Fallon boys coach Steve Heck and girls coach Paul Orong said the Elks is when the season really begins. The past two weeks the Greenwave coaches have used meets in Fernley and Silver Springs as an indicator of where their athletes will compete.

In addition, Heck said practice is used for getting into shape and working on technique in the various events.

“The fact we are able to bring in a large amount of schools shows the quality,” Heck said. “We got great volunteers who come back every year. We don’t have amateurs out there. I think it’s one of the best meets in Northern Nevada.”

The meet is sponsored by the Fallon Elks Lodge, which organizes the event with dozens of volunteers. Heck, who has been a coach or athlete in nearly half (18) of the Elks meets, said he tries to round up between 50-75 people to work the meet.

“Us and the Reed Invitational are the best invitationals,” Orong said. “We get about 1,200 kids … and really it’s the first time where you see how you’re going to shape up. This is where the season starts.”

The old track, which was replaced two years ago, developed holes and cracks that runners had to avoid. Now the track has been replaced, Heck said some of those schools who withdrew have returned now that Fallon has one of the top facilities in the region.

This season Fallon has upgraded its high jump and pole vault pits and new runways. A future project for Heck and Orong, though, is to obtain new hurdles and eventually build another runway to run parallel to the grandstand.

“We just want to upgrade the facility and running good meets,” Heck said.

Even with upgrades to the track, several Division I schools in Reno bailed on the meet this season. Nevertheless, more than 20 schools will compete at the invitational making it the second largest regular-season meet in the North. Only the two-day Reed Invitational is larger.

Heck and Orong, though, do have eyes for expansion and extended invites to Del Oro High School in Loomis, Calif., several years ago. Fallon crosses the Sierra twice a year to compete in Del Oro and one other California meet, so Heck and Orong thought an invitation to some of those schools would be in order.
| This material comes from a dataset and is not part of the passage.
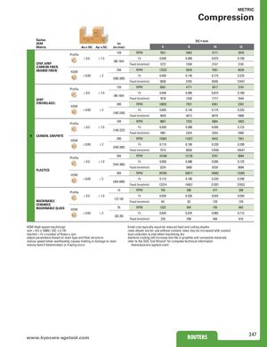 METRIC Compression Ap Series Ae Ae DC • mm 25M Vc Metric Ae x DC Ap x DC (m/min) 6 8 10 12 Profile 150 RPM 7951 5963 4771 3976 ≤ 0.5 ≤ 1.5 Fz 0.040 0.065 0.075 0.100 CFRP, AFRP (96-164) Feed (mm/min) 1272 1550 2147 3181 (CARBON FIBER, ARAMID FIBER) HSM 250 RPM 13252 9939 7951 6626 ≤ 0.05 ≤2 Fz 0.095 0.145 0.175 0.235 (200-300) Feed (mm/min) 5036 5765 8349 12457 Profile 120 RPM 6361 4771 3817 3181 ≤ 0.5 ≤ 1.5 Fz 0.040 0.065 0.075 0.100 (96-164) GFRP Feed (mm/min) 1018 1240 1717 2544 (FIBERGLASS) HSM 200 RPM 10602 7951 6361 5301 ≤ 0.05 ≤2 Fz 0.095 0.145 0.175 0.235 (160-240) Feed (mm/min) 4029 4612 6679 9966 Profile 185 RPM 9807 7355 5884 4903 ≤ 0.5 ≤ 1.5 Fz 0.050 0.080 0.095 0.125 (148-222) Feed (mm/min) 1961 2354 3354 4903 N CARBON, GRAPHITE HSM 300 RPM 15903 11927 9542 7951 ≤ 0.05 ≤2 Fz 0.115 0.185 0.220 0.290 (240-360) Feed (mm/min) 7315 8826 12595 18447 Profile 305 RPM 16168 12126 9701 8084 ≤ 0.5 ≤ 1.5 Fz 0.050 0.080 0.095 0.125 (244-366) Feed (mm/min) 3234 3880 5529 8084 PLASTICS HSM 505 RPM 26769 20077 16062 13385 ≤ 0.05 ≤2 Fz 0.115 0.185 0.220 0.290 (404-606) Feed (mm/min) 12314 14857 21201 31052 Profile 15 RPM 795 596 477 398 ≤ 0.5 ≤ 1.5 Fz 0.020 0.035 0.045 0.050 MACHINABLE (12-18) Feed (mm/min) 64 83 129 159 CERAMICS MACHINABLE GLASS HSM 25 RPM 1325 994 795 663 ≤ 0.05 ≤2 Fz 0.045 0.075 0.085 0.115 (20-30) Feed (mm/min) 239 298 406 610 HSM (high speed machining) finish cuts typically required reduced feed and cutting depths rpm = (Vc x 1000) / (DC x 3.14) rates shown are for use without coolant; rates may be increased with coolant mm/min = Fz x number of flutes x rpm dust collection is vital when machining dry adjust parameters based on resin type and fiber structure diamond coating will increase tool life in graphite and composite materials reduce speed when overheating causes melting or damage to resin refer to the SGS Tool Wizard® for complete technical information reduce feed if delamination or fraying occur (www.kyocera-sgstool.com) www.kyocerRaO-sUgTsEtRoSol.com ROUTERS 347

Those schools, however, have yet to make the trek to Fallon in large part because of the schizophrenic weather in the Sierra. Hopefully, Heck and Orong said, they will be able to bring in competition from northern California.

“It’s tough to lure them because they have to come over the mountain,” Heck said. “Secondly, in the Sacramento area there are meets all over the place. I think everybody here would enjoy having some of those schools over here.”

While the California hopes are on hold, Orong said the Elks meet raises the intensity level of the athletes.